NLPCC-2023-Shared-Task-9

User Feedback Prediciton and Response Generation

Overview

◇ Task 9 - User Feedback Prediction and Response Generation

Online conversation systems usually have a user feedback mechanism, such as like and dislike buttons. When a user is satisfied with the response, he/she can click the like button, and vice versa for the dislike button. The feedback signal represents the user’s vote on the quality of the response and also represents his/her preference. It is a worthwhile direction to study and invest in how to use this signal to improve the quality of the conversation system. This task includes two tracks:

● Track 1: Prediction of likes and dislikes: Given a (query, reply) pair, predict the probabilities of likes, dislikes.

● Track 2: Conversation generation based on likes and dislikes: Incorporate like and dislike data into conversation generation to improve response quality and obtain high likes.

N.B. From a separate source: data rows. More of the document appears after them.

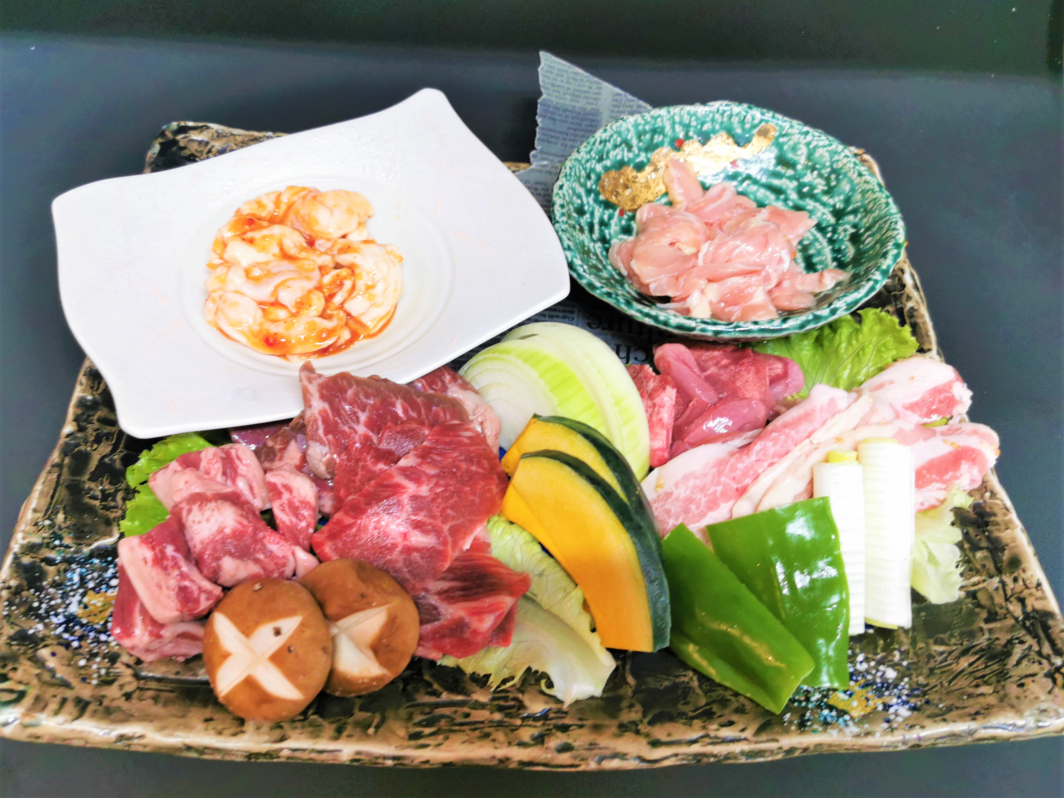 いけだ牛カルビ、USサガリ、豚味噌ホルモン、並牛タン、焼野菜、キムチ、ナムル
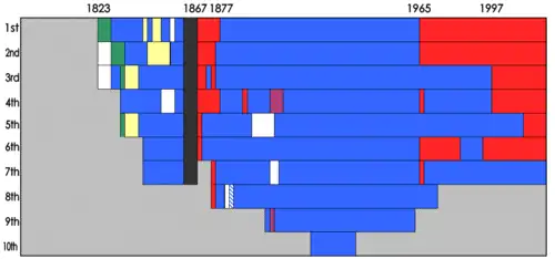 The 8th seat was elected at-large from the entire state until the 45th Congress, when an 8th district was established as a separate district in the northwestern part of the state.[1] The district occupied an area now held by Alabama's 5th congressional district, with the exception of a portion of Morgan County, which is part of the 4th district. Franklin County, which was part of the 8th district until after the 1890 census, is also part of the modern 4th district.
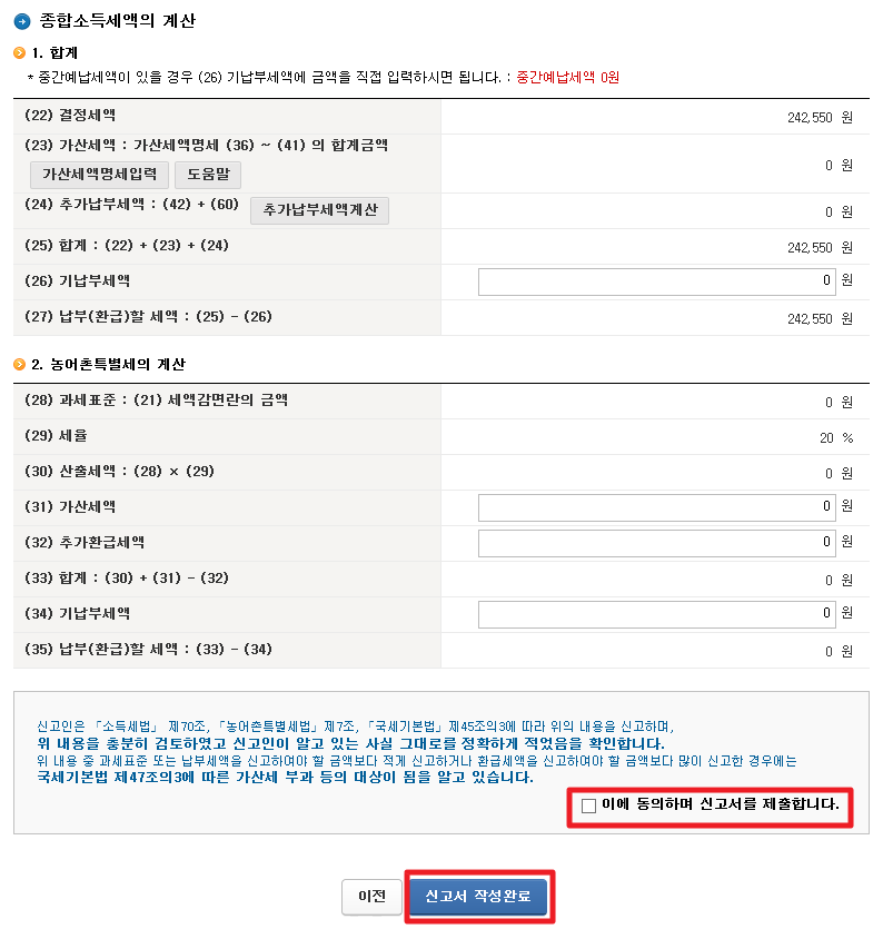 동의함에 체크하고 신고서를 제출합니다. 신고서 작성완료를 클릭하시면 됩니다.
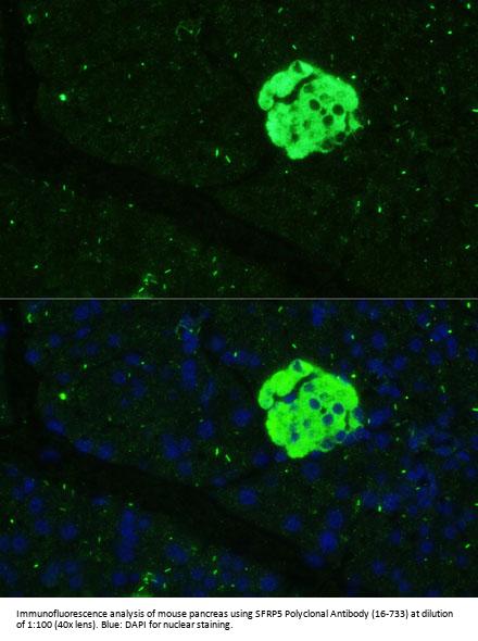 Secreted frizzled-related protein 5 (SFRP5) is a member of the SFRP family that contains a cysteine-rich domain homologous to the putative Wnt-binding site of Frizzled proteins. SFRPs act as soluble modulators of Wnt signaling. SFRP5 and SFRP1 may be involved in determining the polarity of photoreceptor cells in the retina. SFRP5 is highly expressed in the retinal pigment epithelium, and moderately expressed in the pancreas.
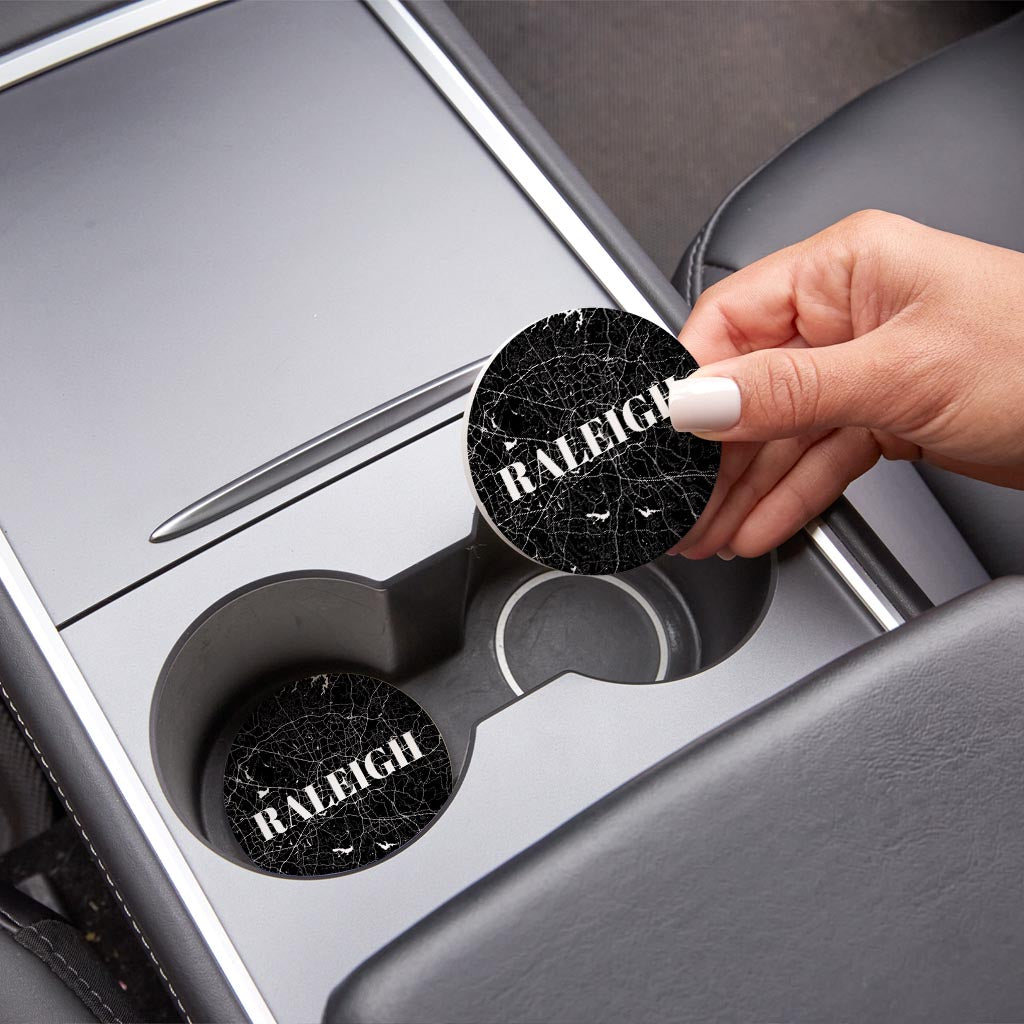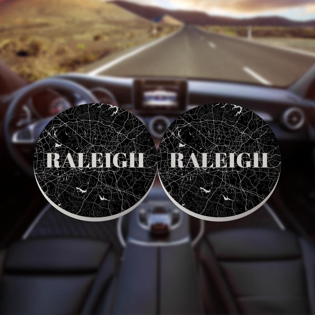 Minimalistic B&W North Carolina Raleigh Map| Absorbent Car Coasters | Set of 2 | Min 4

Organizer: Renmin University of China, and XiaoMi AI Lab

Contact: Shuang DONG (dongshuang1@xiaomi.com)

Data

Statistics

Type	Query #	Average Reply #	Avg Labike # per Reply	Avg Dislike # per Reply
train	16000	3.14	16.15	8.42
dev	2000	3.07	19.84	9.41
test	2000	3.16	30.57	12.19

Example

We provide two files, train.jsonl and dev.jsonl, each line in the file represents an item in json format, and the following is the result of one of the item parsing.

{
    "query": "你喜欢听什么歌",
    "replys": [
        {
            "reply": "你喜欢什么，小爱就喜欢什么",
            "dislike": 3,
            "like": 2
        },
        {
            "reply": "你知道的，我什么歌都喜欢。🙃",
            "dislike": 2,
            "like": 3
        },
        {
            "reply": "你知道的，我什么歌都喜欢。",
            "dislike": 4,
            "like": 6
        },
        {
            "reply": "亲爱哒，最喜欢的还是土嗨土嗨的那种，热闹啊！",
            "dislike": 2,
            "like": 4
        },
        {
            "reply": "受你影响，品味现在和你差不多了。",
            "dislike": 47,
            "like": 146
        },
        {
            "reply": "最喜欢的还是土嗨土嗨的那种，热闹啊！",
            "dislike": 34,
            "like": 141
        },
        {
            "reply": "受你影响，品味现在和你差不多了。😘",
            "dislike": 11,
            "like": 59
        },
        {
            "reply": "我喜欢甜甜的歌曲，生活就该多点甜嘛，我给你唱一首吧！",
            "dislike": 0,
            "like": 22
        }
    ]
}

LeaderBoard

Track 1

Final result：

排名	队伍名	机构	分数
1	师弟师妹带带我	大连理工大学、吉林大学	92.13
2	dunnlp	易盾	92.00
3	zut	中原工学院	91.73
4	YNU-HPCC	云南大学	91.63
5	HTDZNLP	杭州航天电子技术有限公司	91.40
6	666	浙江工业大学	91.24
7	Tryourbest classification	苏州大学	90.94
8	little_spice	天津科技大学	90.72

Track 2

Final reuslt:

排名	队伍名	机构	分数
1	YNU-HPCC	云南大学	1.656
2	Devs	东北大学	1.562
3	little_spice	天津科技大学	1.409
4	666	浙江工业大学	1.388
5	ZUT	中原工学院	1.214
6	HTDZNLP	杭州航天电子技术有限公司	1.202

SUBMISSION FORMAT

Track 1

For Track 1, the test dataset is named datasets_test_track1.jsonl, which consists of 1500 samples. Participants are required to submit their results with the same number of rows as the test dataset. Each row should contain multiple scores separated by tabs (\t). The number of scores in each row represents the number of replies corresponding to the query. The required format is as follows:

0.6
0.6
...
0.6\t0.6\t0.6

For each question-answer pair, a probability distribution of 0 and 1 scores is computed based on the ratio of likes and dislikes. The scores are calculated using the formula 1/(1+kl), where kl represents the Kullback-Leibler divergence between the predicted probability distribution and the ground truth. Please refer to the evaluation.py file for more detailed information.

Track 2

For Track 2, the test dataset is named datasets_test_track2.jsonl, which contains 500 samples. Participants are also required to submit their results with the same number of rows as the test dataset. Each row should contain the reply results corresponding to the query. The format should be as follows:

不喜欢
在呢
...
不好意思，刚刚走神了

We will use manual annotations to assign scores to each reply, with possible scores of 0 (unlikely to be liked), 1 (potentially liked), and 2 (highly likely to be liked). The final score will be the average of these scores.

UPDATE

2023.03.22 init

2023.04.04 add data

2023.04.25 add evaluation

2023.05.22 add test data

Licence

Our dataset is licensed under the CC BY 4.0 and our code is licensed under the Apache License 2.0.